Iron Workers Local 17 Pension Fund, Cleveland, is seeking permission to cut benefits for participants, including retirees, as part of a proposed rescue plan awaiting approval from the Treasury Department.
The pension fund had $91.9 million in assets and $223.2 million in liabilities as of April 30, 2014, according to its most recent Form 5500 filing. Of its 2,064 participants, 640 are active.
The plan is in “critical and declining” status and projected to become insolvent in 2032, according to a notice of critical status filed with the Department of Labor in August. In 2008, trustees developed a rehabilitation plan that reduced some adjustable benefits and called for a one-time contribution increase, according to the notice.
The application submitted to the Treasury Department on Dec. 23 would reduce benefits as of Dec. 1, 2016, if approved. The reductions would remain in effect “indefinitely,” according to a notice of application sent to participants, and will allow the plan to remain solvent with enough assets to pay the reduced level of benefits “indefinitely.”
The Treasury Department has 30 days to post the application on its website.
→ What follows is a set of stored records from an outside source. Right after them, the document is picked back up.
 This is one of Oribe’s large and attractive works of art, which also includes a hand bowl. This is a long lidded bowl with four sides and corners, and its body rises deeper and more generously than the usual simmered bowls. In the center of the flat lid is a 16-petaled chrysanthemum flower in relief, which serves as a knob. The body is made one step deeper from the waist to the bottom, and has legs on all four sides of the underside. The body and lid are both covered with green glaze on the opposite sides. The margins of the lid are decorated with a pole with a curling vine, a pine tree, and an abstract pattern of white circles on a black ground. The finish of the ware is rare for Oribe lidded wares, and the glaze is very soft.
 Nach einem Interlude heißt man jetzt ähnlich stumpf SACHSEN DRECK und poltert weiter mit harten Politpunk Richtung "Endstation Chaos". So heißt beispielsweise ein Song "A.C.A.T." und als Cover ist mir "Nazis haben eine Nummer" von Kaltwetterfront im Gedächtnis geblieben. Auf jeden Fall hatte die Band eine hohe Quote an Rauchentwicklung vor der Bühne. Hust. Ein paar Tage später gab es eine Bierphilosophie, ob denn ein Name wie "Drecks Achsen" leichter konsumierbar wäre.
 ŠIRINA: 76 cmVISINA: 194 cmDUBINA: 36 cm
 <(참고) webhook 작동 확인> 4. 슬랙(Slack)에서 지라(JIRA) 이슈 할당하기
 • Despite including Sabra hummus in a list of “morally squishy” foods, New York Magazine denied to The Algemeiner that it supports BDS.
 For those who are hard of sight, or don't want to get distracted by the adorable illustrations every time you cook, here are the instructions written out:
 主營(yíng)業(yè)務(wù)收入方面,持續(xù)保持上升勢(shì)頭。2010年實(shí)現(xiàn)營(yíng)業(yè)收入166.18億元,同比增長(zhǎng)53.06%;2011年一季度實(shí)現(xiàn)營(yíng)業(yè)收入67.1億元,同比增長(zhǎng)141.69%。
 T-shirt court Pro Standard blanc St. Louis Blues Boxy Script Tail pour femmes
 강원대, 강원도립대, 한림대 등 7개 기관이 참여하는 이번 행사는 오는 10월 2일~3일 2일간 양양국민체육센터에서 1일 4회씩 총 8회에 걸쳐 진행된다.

The Multiemployer Pension Reform Act of 2014 allows trustees of deeply underfunded pension funds that would be insolvent within 15 years to reduce benefits, even for current retirees, after they have tried all other means. This requires approval by the Treasury Department, which has 225 days to respond. Those cuts can be no lower than 110% of the Pension Benefit Guaranty Corp.'s guarantee. Disabled or older retirees have further protections.
The Iron Worker pension fund is the second multiemployer pension plan to apply for benefit reductions under MPRA. The $17.8 billion Teamsters Central States, Southeast & Southwest Areas Pension Fund, Rosemont, Ill., applied Sept. 25 for a rescue plan that would be implemented July 1, 2016. The comment period on that application ends Feb. 1.